L’oblio collettivo sul 25 aprile e il ruolo del servizio pubblico
Davvero il 25 aprile ha perso la sua carica emotiva? Davvero, come sostiene lo storico Emilio Gentile, la data che segna la liberazione del paese dalla dittatura nazi-fascista e la fine della seconda guerra mondiale si sta dissolvendo in un oblio collettivo?

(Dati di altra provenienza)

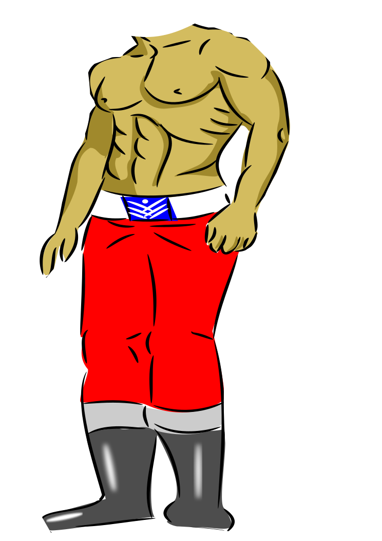 This features a cartoon drawing of a shirtless man wearing red pants. He is posing with his hands on his hips, giving the impression that he's flexing his muscles. The man appears to be quite muscular and well-built, showcasing his strength in the illustration.

Il 25 aprile è solo cronaca (i vergognosi insulti contro la Brigata Ebraica) e non più storia? Il palinsesto del servizio pubblico è un buon osservatorio per verificare la tesi di Gentile. La sera del 25 aprile sulle tre reti principali della Rai andavano in onda questi programmi: Rai1, il film Amiche da morire; Rai2, un omaggio musicale a Lucio Dalla, per la serie Unici; Rai3, l’immarcescibile Chi l’ha visto? Durante la giornata i tre canali hanno aperto piccole finestre sulle celebrazioni del 73° anniversario della Liberazione: al mattino una diretta da Casoli, a cura di Rai Quirinale, modesti spazi dentro I Fatti Vostri e Detto Fatto, qualche film e Corrado Augias.

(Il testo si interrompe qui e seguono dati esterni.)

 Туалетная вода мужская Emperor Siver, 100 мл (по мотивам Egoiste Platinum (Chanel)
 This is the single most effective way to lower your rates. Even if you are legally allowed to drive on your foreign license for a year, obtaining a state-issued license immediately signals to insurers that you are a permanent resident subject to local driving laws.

Ma non è questo il modo con cui un servizio pubblico dovrebbe celebrare la festa più importante della Repubblica, quella «Patria che aveva meritato il sacrificio eroico di tanti soldati italiani», come ha ricordato il presidente Sergio Mattarella. Si dirà: ma la Rai ha altri canali. È vero e, infatti, nella marginalità Rai Storia ha fatto il suo dovere con una lunga maratona. Interessante il documentario Tra resistenza e martirio, in cui sono raccontate tre grandi figure della Resistenza piemontese: Emanuele Artom, ebreo, Willy Jervis, valdese, Leletta d’isola. Ma quando giustamente si parla di oblio collettivo, entra in gioco prepotentemente il ruolo del servizio pubblico, la sua capacità di saper ancora fare massa critica, la capacità di confezionare programmi in cui l’intelligenza e la creatività non vengano umiliate.
O dobbiamo prender atto che il ciclo storico del servizio pubblico è concluso? Che la sua idea sia ormai solo idealizzazione?